» Stored items from a collection
• • • •

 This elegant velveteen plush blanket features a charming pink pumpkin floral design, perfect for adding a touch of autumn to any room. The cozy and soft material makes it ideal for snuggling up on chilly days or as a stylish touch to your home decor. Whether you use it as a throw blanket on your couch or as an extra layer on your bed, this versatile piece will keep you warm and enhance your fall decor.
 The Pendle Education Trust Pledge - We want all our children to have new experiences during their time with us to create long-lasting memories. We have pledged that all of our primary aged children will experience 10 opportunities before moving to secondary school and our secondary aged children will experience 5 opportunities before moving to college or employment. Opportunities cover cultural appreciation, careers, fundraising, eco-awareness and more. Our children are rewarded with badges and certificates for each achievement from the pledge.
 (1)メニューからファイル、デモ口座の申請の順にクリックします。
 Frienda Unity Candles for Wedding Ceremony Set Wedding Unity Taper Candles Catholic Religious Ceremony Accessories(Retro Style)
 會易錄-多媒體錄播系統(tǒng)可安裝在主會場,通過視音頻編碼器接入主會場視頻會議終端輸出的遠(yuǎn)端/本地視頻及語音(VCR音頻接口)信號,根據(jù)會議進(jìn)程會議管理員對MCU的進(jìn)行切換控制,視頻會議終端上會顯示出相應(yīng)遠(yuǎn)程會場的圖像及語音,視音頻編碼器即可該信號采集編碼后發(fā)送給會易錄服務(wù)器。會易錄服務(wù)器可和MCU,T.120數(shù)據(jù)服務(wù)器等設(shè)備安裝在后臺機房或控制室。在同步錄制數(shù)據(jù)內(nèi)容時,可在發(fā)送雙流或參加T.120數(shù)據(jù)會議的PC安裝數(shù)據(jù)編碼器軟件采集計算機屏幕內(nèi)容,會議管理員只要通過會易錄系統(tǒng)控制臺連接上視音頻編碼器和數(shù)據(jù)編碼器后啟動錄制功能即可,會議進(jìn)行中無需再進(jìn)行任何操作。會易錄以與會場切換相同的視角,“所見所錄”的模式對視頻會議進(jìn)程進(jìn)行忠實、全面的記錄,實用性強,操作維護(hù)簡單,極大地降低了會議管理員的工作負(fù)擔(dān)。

• • • •

» Exercise
Line by line, restate the data exactly.

» Task result
 This elegant velveteen plush blanket features a charming pink pumpkin floral design, perfect for adding a touch of autumn to any room. The cozy and soft material makes it ideal for snuggling up on chilly days or as a stylish touch to your home decor. Whether you use it as a throw blanket on your couch or as an extra layer on your bed, this versatile piece will keep you warm and enhance your fall decor.
 The Pendle Education Trust Pledge - We want all our children to have new experiences during their time with us to create long-lasting memories. We have pledged that all of our primary aged children will experience 10 opportunities before moving to secondary school and our secondary aged children will experience 5 opportunities before moving to college or employment. Opportunities cover cultural appreciation, careers, fundraising, eco-awareness and more. Our children are rewarded with badges and certificates for each achievement from the pledge.
 (1)メニューからファイル、デモ口座の申請の順にクリックします。
 Frienda Unity Candles for Wedding Ceremony Set Wedding Unity Taper Candles Catholic Religious Ceremony Accessories(Retro Style)
 會易錄-多媒體錄播系統(tǒng)可安裝在主會場,通過視音頻編碼器接入主會場視頻會議終端輸出的遠(yuǎn)端/本地視頻及語音(VCR音頻接口)信號,根據(jù)會議進(jìn)程會議管理員對MCU的進(jìn)行切換控制,視頻會議終端上會顯示出相應(yīng)遠(yuǎn)程會場的圖像及語音,視音頻編碼器即可該信號采集編碼后發(fā)送給會易錄服務(wù)器。會易錄服務(wù)器可和MCU,T.120數(shù)據(jù)服務(wù)器等設(shè)備安裝在后臺機房或控制室。在同步錄制數(shù)據(jù)內(nèi)容時,可在發(fā)送雙流或參加T.120數(shù)據(jù)會議的PC安裝數(shù)據(jù)編碼器軟件采集計算機屏幕內(nèi)容,會議管理員只要通過會易錄系統(tǒng)控制臺連接上視音頻編碼器和數(shù)據(jù)編碼器后啟動錄制功能即可,會議進(jìn)行中無需再進(jìn)行任何操作。會易錄以與會場切換相同的視角,“所見所錄”的模式對視頻會議進(jìn)程進(jìn)行忠實、全面的記錄,實用性強,操作維護(hù)簡單,極大地降低了會議管理員的工作負(fù)擔(dān)。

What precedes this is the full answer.